Colorado had plenty of returning players (they graduated only 11 seniors, returned 50 letterman and 17 starters) and were ranked in the Top 25 in 4 pre-season polls. They were also picked to win the Big 12 North in 9 rankings.

QB Joel Klatt had a solid lock on his starting position. But there was uncertainty of who would be the starting RB, through TB Lawrence Vickers had the inside chance and main competition from Hugh Charles. The shining part of the team was Special Teams, with kicker Mason Crosby and punter John Torp. Other notable returners on offense were tight ends Joe Klopfenstein and Quinn Sypniewski, wide receiver Evan Judge, and most of the offensive line: Brian Daniels, Jr.; Mark Fenton, Clint O'Neal and Gary Moore.

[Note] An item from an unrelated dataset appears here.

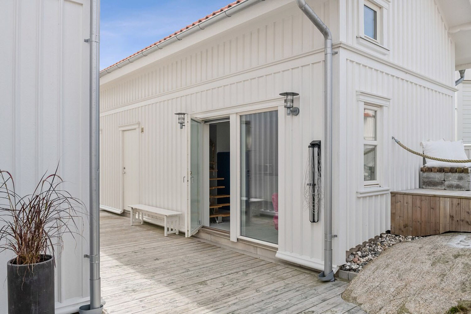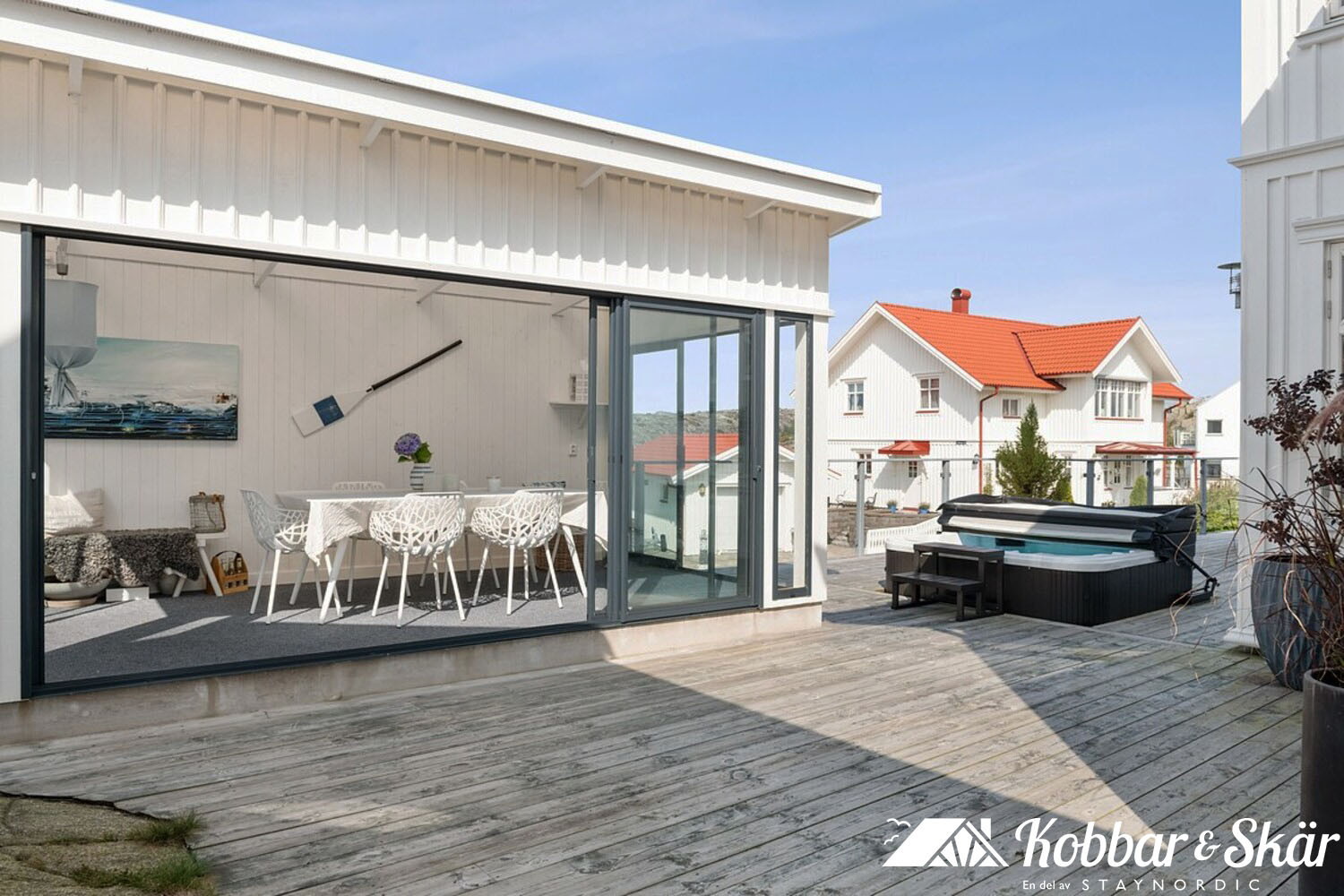 Willkommen in einem geräumigen und stilvollen Haus im beliebten Rönnäng auf Tjörn, mit Platz für bis zu 15 Personen, verteilt auf 6 Schlafzimmer. Hier wohnen Sie komfortabel in einem hellen und modernen Haus mit großzügigen Flächen, ideal für große Familien oder Gruppen, die gemeinsam Urlaub machen möchten. Nur 550 Meter vom Hafen entfernt wohnen Sie in unmittelbarer Nähe zu Badeplätzen und dem Leben in der Schärenlandschaft. Das Haus verfügt über einen offenen und geselligen Grundriss mit einer großen, voll ausgestatteten Küche, die zum natürlichen Treffpunkt wird. Es gibt viel Platz für gemeinsame Mahlzeiten und geselliges Beisammensein. Mehrere Wohnzimmer bieten Möglichkeiten, sowohl Zeit miteinander zu verbringen als auch sich zurückzuziehen. Die hellen Schlafzimmer sind geschmackvoll eingerichtet und bieten guten Komfort. Insgesamt gibt es 3 Badezimmer mit Dusche, eines davon verfügt zusätzlich über eine Badewanne. Im Außenbereich stehen mehrere Bereiche zur Verfügung, und nach einem Tag am Meer können Sie auf der schönen gepflasterten Terrasse des Hauses entspannen. Die Lage ist sehr gut, mit fußläufiger Entfernung zu salzigen Badeplätzen an den Klippen sowie in der Nähe von Restaurants und einem Supermarkt.

Defense was also solid with few key losses and most returning: (line) James Garee, Alex Ligon, Vaka Manupuna; (linebackers) Thaddaeus Washington, Jordon Dizon, Akarika Dawn, Brian Iwuh; (backs) Terrence Wheatley, Lorenzo Sims, Tyrone Henderson, Dominique Brooks.

===Preseason awards===
- PK Mason Crosby (All American, Lou Groza Award)
- P John Torp (Ray Guy Award)
- DE Tom Hubbard (Ronnie Lott Trophy)
- C Mark Fenton (Dave Rimington Award)

==Season summary==
Although Colorado won the Big 12 North, they back-doored their way in because they lost their two final conference games and needed Iowa State to lose their final game in order to win. Iowa State missed a field goal in OT and thus, Colorado won the Big 12 Conference North Division Title. In the Big 12 Conference Title game, Joel Klatt suffered a concussion and was taken to a hospital. His career at Colorado was then over, as he sat out the bowl game. The key game of the season was Colorado's game against Iowa State. Colorado was leading the game into the fourth quarter, but gave up two touchdowns late in the game to go on and lose. It seemed their spirit was broken as they never pulled it together after that and were never really in any game they played afterwards.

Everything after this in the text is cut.